Иззи почувствовала, как земля стала уходить у нее из-под ног. Чтобы не упасть, она схватилась за ствол дерева.
– Когда мы с тобой в прошлой раз говорили, я не чувствовал особой благодарности.
– Ты не чувствовал?
– Ты помнишь, когда это было?
– Да, папа. Это было ночью, когда ты… Когда я сказала тебе про твои книжки.
– Вот именно. Вряд ли ты поняла, но твои слова мне весьма помогли.
– Помогли? Как?
– Они подсказали мне идею. Видишь ли, мне было никак не найти идею. Для моей новой книги.
– И я подсказала тебе идею?
– Да, – с привычным раздражением ответил Себастьян. – Только прошу тебя, Изабелла, не повторяй за мной все мои слова. В этом нет необходимости.
– Извини, папа.
– Ладно. Помнишь, ты говорила про коров?
– Конечно помню. Я сказала: если бы они хотя бы на день приплыли в наше время и встретились с нашими коровами.
– Да. И это показалось мне интересным.
– Понимаю.
– Ты еще говорила про время. Помнишь – что?
– Наверное, – нерешительно ответила Иззи. – Ты про то, что наше время могло бы перемешаться со временем Меридиана?
– Вот именно. Твои слова очень сильно мне помогли, и я подумал, что ты должна об этом знать. Но я не стал тебе звонить, а сел и приехал.
– Я очень рада, папа.
Иззи стояла, глядя на отца, а затем, по совершенно непонятной причине, хотя она и была довольна, что сумела ему помочь, ей вдруг стало пронзительно грустно. Отец ведь и сейчас сердился на нее. Иззи видела это по его напряженному лицу, где ясно читалось, что он ее совсем не любит. Раньше это не так бросалось в глаза, но здесь, в замечательном Эшингеме, где ей все улыбались и разговаривали без крика и раздражения, она особенно остро почувствовала, какой унылой и безрадостной была ее жизнь в родном доме. И когда она туда вернется после Эшингема, ей будет совсем плохо. Иззи почувствовала, как слезы подступают все ближе и ближе. Они были готовы брызнуть.
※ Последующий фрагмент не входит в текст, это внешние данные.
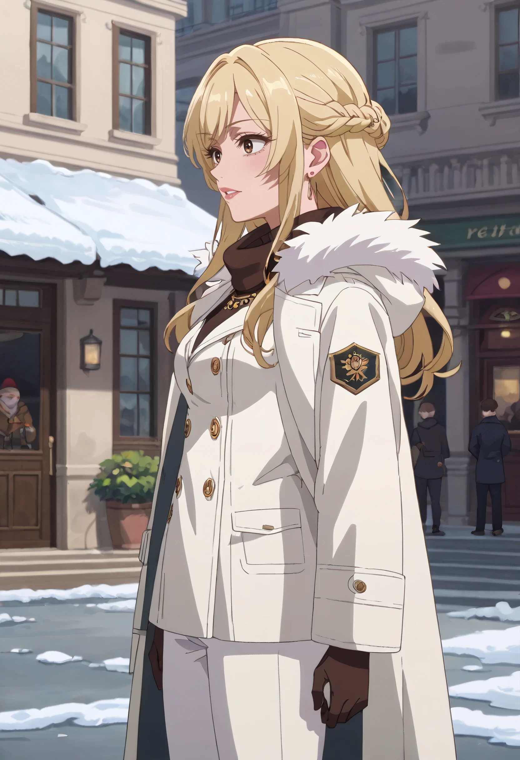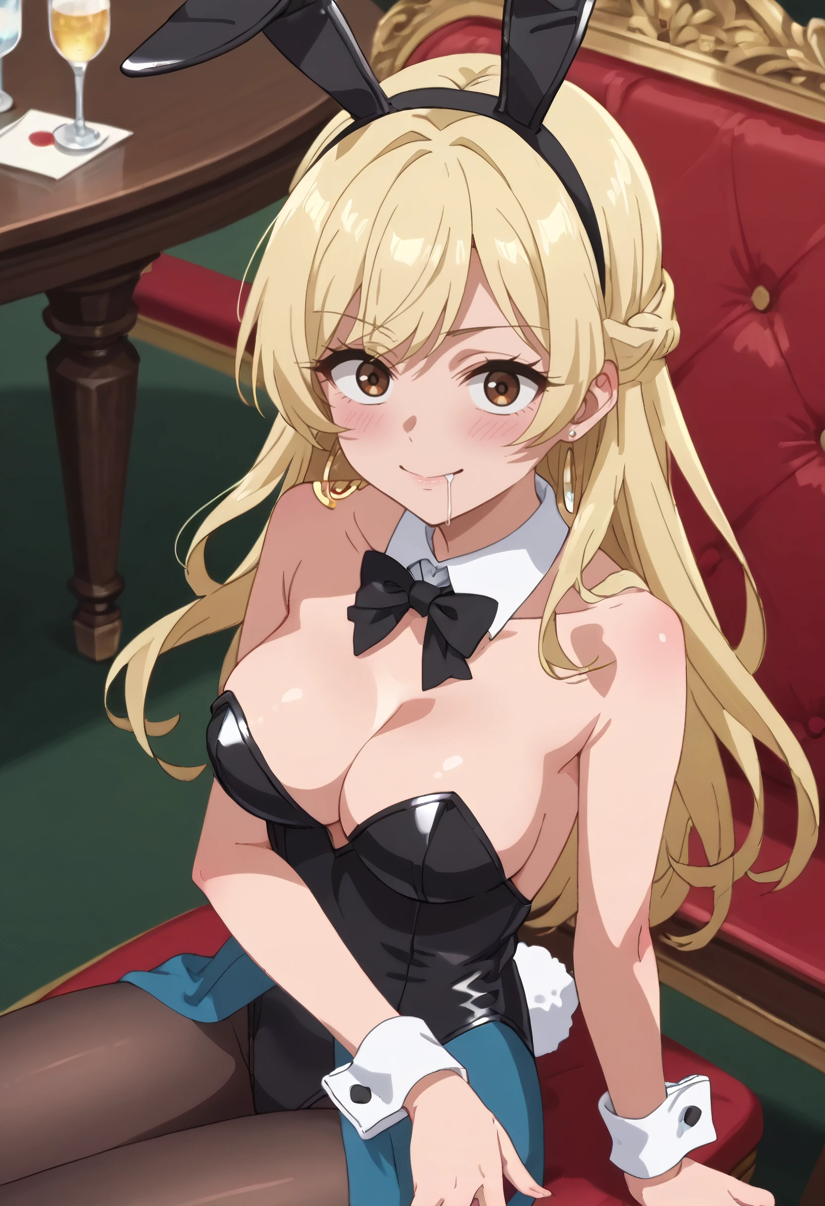 A4OMelissa, blonde hair, long hair, brown eyes, eyebrows visible through hair, bangs, earrings, jewelry,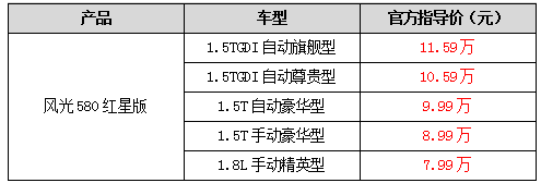 風(fēng)光580一直以來領(lǐng)銜著東風(fēng)風(fēng)光,而且它還一直是國產(chǎn)SUV品牌中的亮眼紅星??梢哉f,自從風(fēng)光580上市以來,它就受到了車主用戶的一致好評,此前的好評基礎(chǔ),使得風(fēng)光580紅星版的出現(xiàn)那么順理成章。此次風(fēng)光580紅星版的亮相,重新刷新人們對高品質(zhì)汽車生活的認識,再度突破性價比新高,讓人親切感受到風(fēng)光580的誠意。

Иззи быстро провела ладонью по глазам.
– Ну что ты, в самом деле? – поморщился отец. – Только не начинай плакать. Я думал, мои слова тебя обрадуют.
–
Слезы оказались сильнее, и Иззи заплакала по-настоящему, уже не пытаясь сдерживаться. Она смотрела на отца, и ей очень хотелось, чтобы он не смотрел на нее так сердито, а подошел бы и успокоил, как это делала няня.
Наконец Иззи удалось перестать плакать. Она закусила губу, и последние рыдания остались у нее внутри. И вдруг она увидела, что отец смотрит на нее совсем не так, как пару минут назад. Взгляд его перестал быть сердитым. Нет, отец не улыбался. Его глаза были совсем грустными. Некоторое время они стояли напротив друг друга, оба по-своему несчастные. Потом Себастьян медленно, неловко, словно это стоило ему большого труда, протянул к дочери руку.
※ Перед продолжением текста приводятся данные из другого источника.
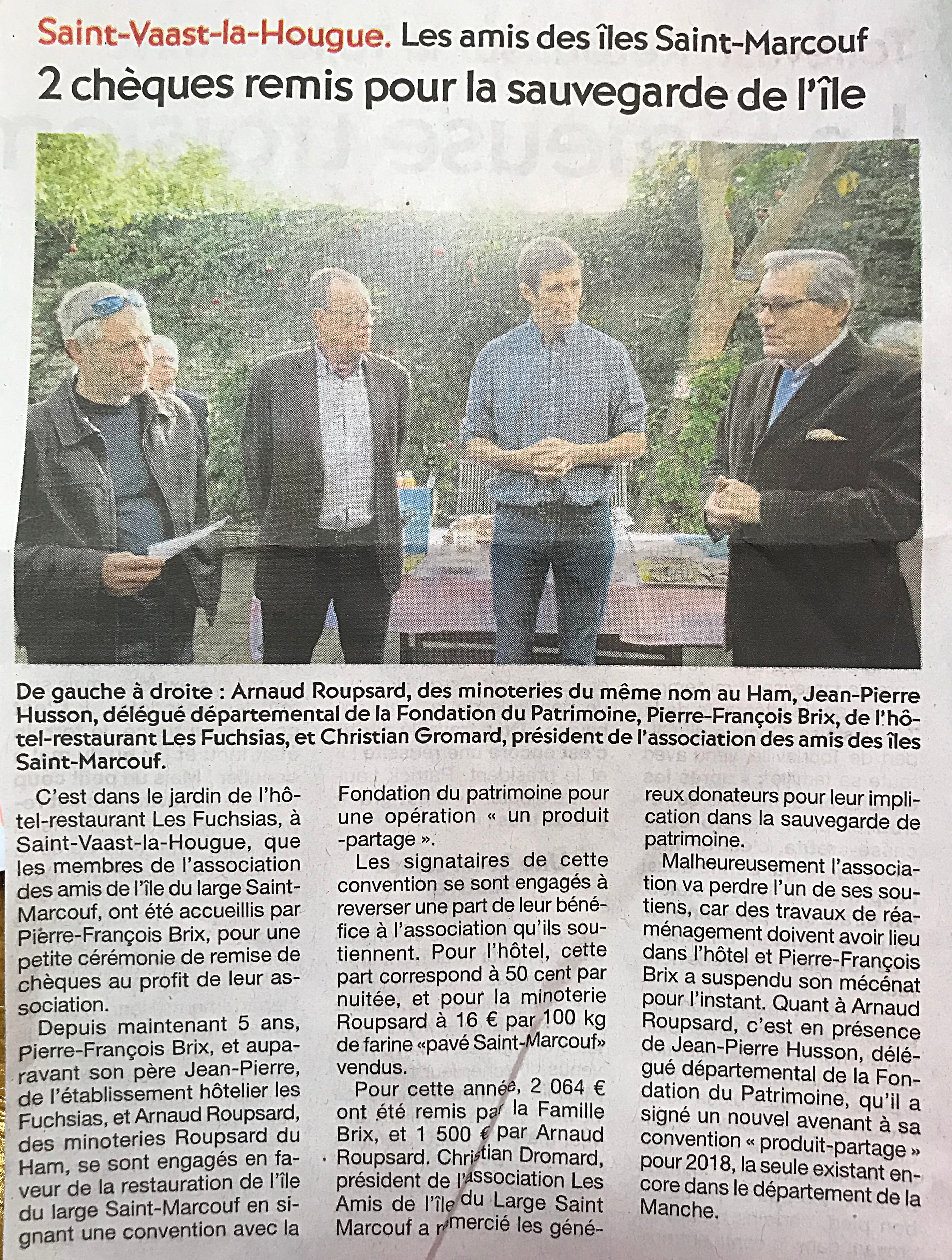 • « La fondation d’Eiffage fait un don de 10 000€ pour l’association Les Amis de l’île du Large Saint-Marcouf » (La Manche Libre 5 juillet 2014) L’Association a depuis toujours encouragé la réinsertion, c’est à ce titre également que la Fondation la soutient.

– Иди ко мне, – тихо позвал он, однако Иззи продолжала стоять на прежнем месте. – Я сказал, иди ко мне.
Эти слова звучали не как сердитый приказ, а как просьба.
Иззи сделала шаг, потом другой, в любой момент ожидая, что отец потеряет терпение и уйдет. Но он продолжал стоять с протянутой рукой.
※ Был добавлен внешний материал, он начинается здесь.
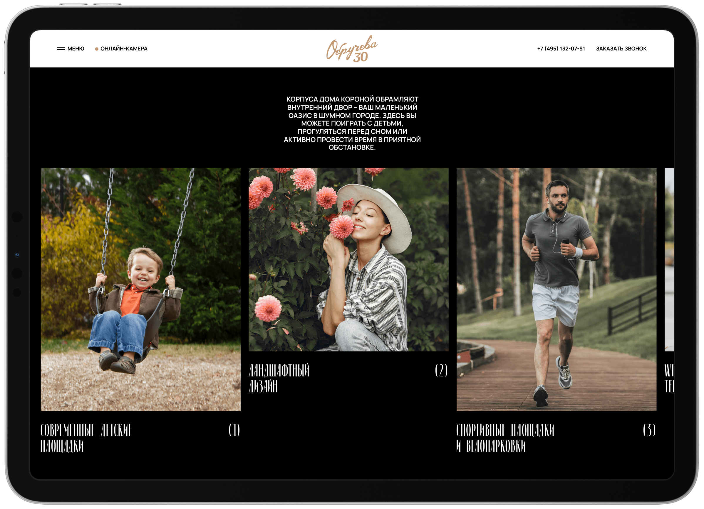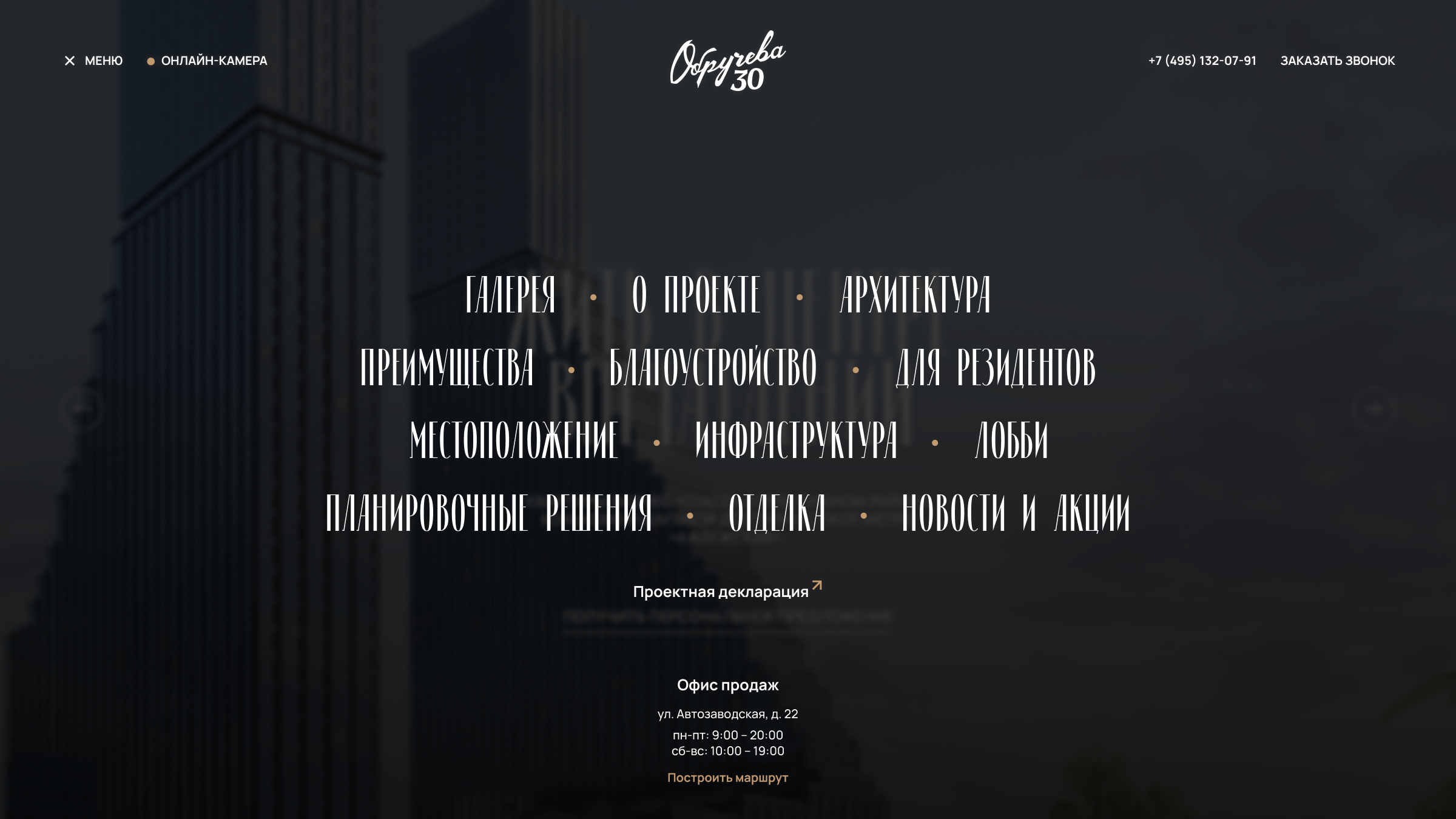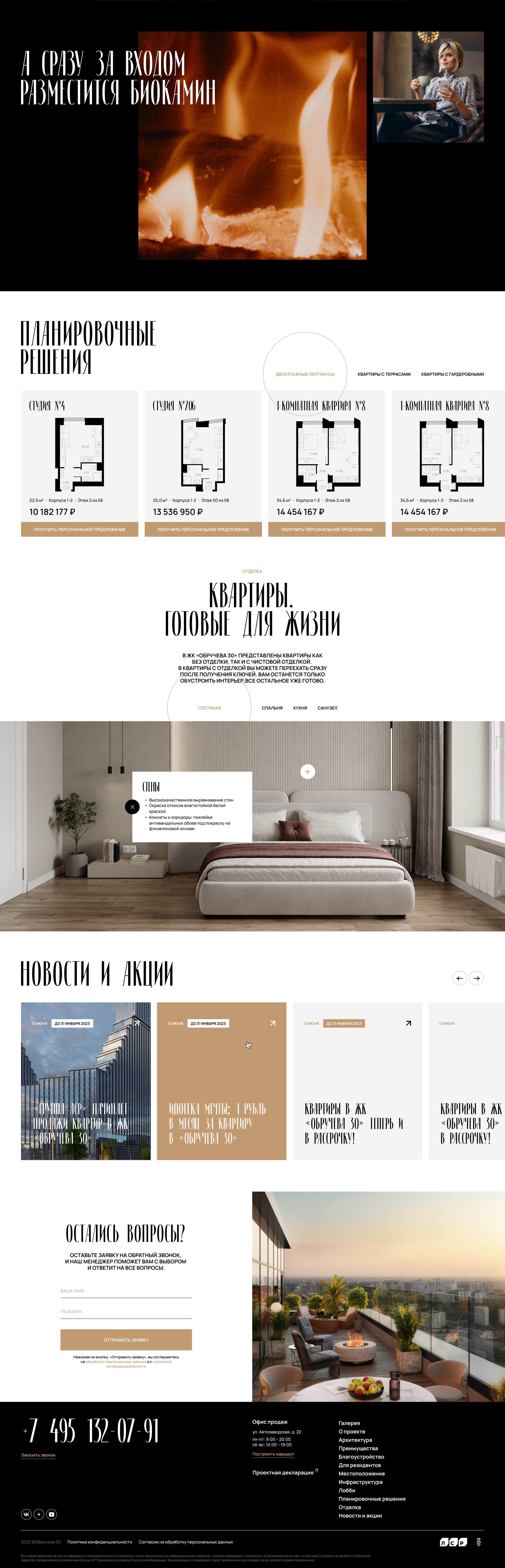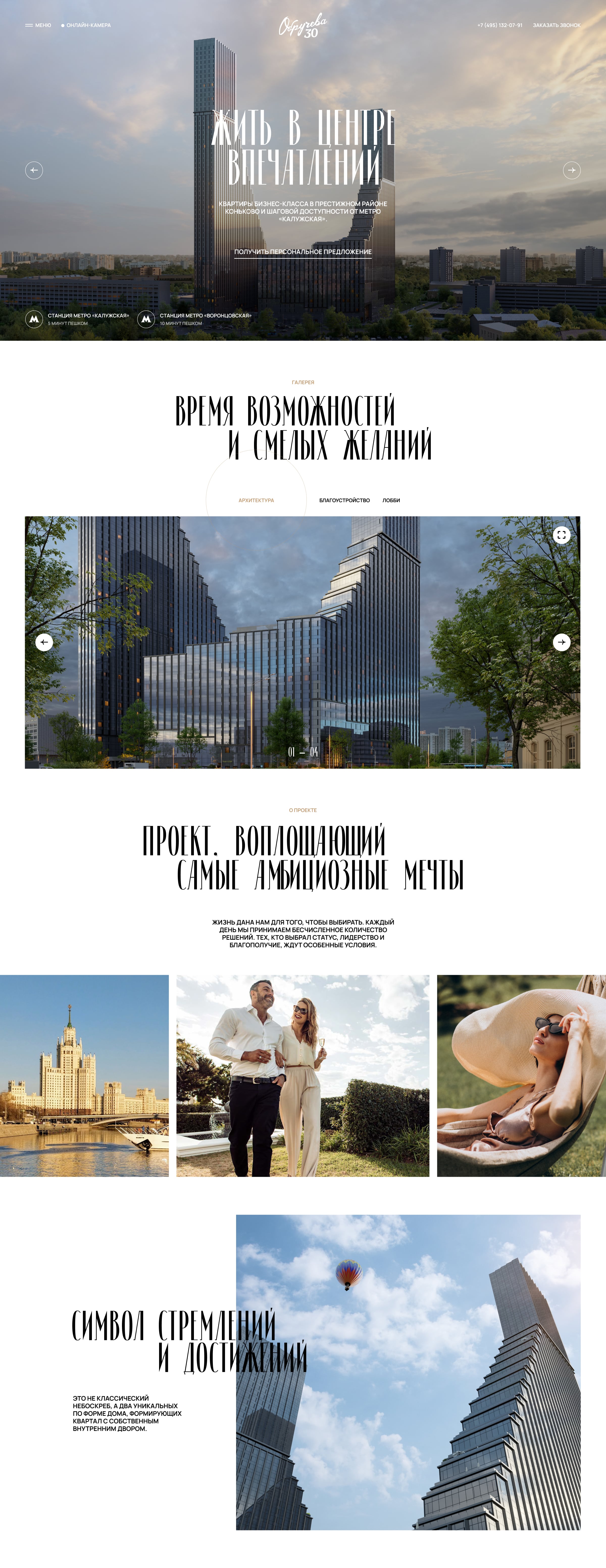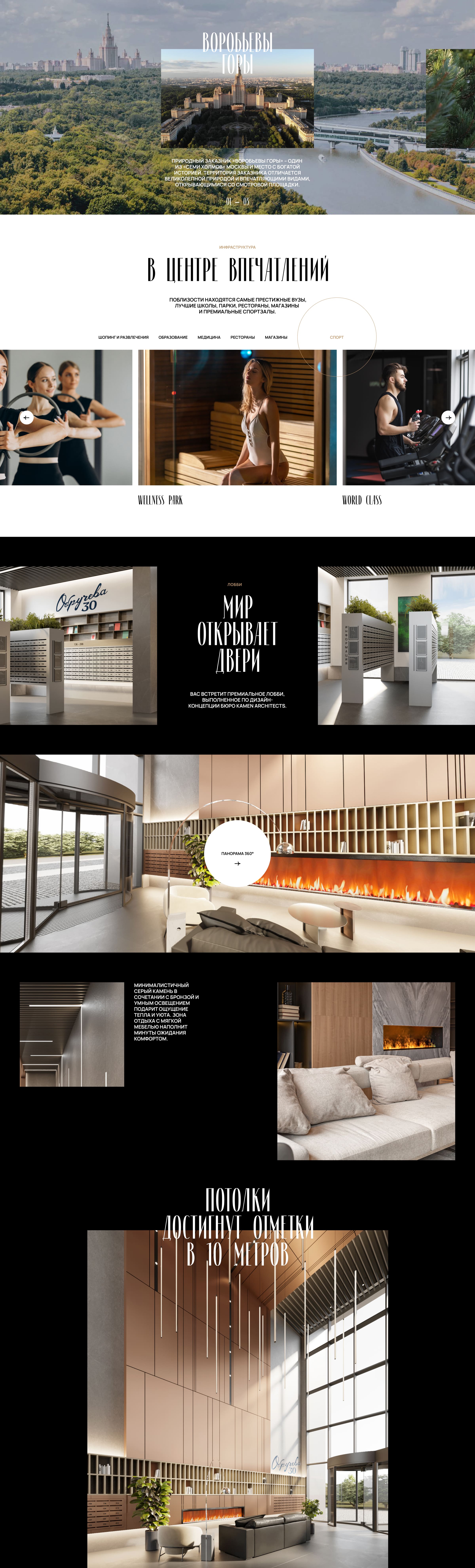 Мы разработали промо-сайт для жилого комплекса «Обручева 30», который строится в Москве. В процессе поиска визуального решения мы нашли вдохновение в первую очередь в самом архитектурном исполнении проекта. Поэтому в основу промо-сайта легла чистая, минималистичная сетка, простые и понятные человеку геометрические формы. Мы задействовали как можно больше воздуха в композиционных блоках, чтобы подчеркнуть чистые формы и линии небоскребов проекта «Обручева 30».

Иззи показалось, что прошло очень много времени. Она подошла к отцу так близко, как только смогла, и вложила руку в его ладонь. Отцовская рука была очень теплой. Теплой и сильной. Иззи только сейчас вспомнила, что никогда не брала отца за руку и вообще не прикасалась к нему. Он очень осторожно сжал ее ладонь в своей и застыл, молча глядя на их руки, будто это было чем-то необычным. Потом он взглянул в глаза дочери, словно надеялся, что она сумеет понять.
– Я… сожалею, – произнес он каким-то не своим, странным, тихим голосом. Казалось, он потрясен до глубины души. – Я очень, очень сожалею, Изабелла.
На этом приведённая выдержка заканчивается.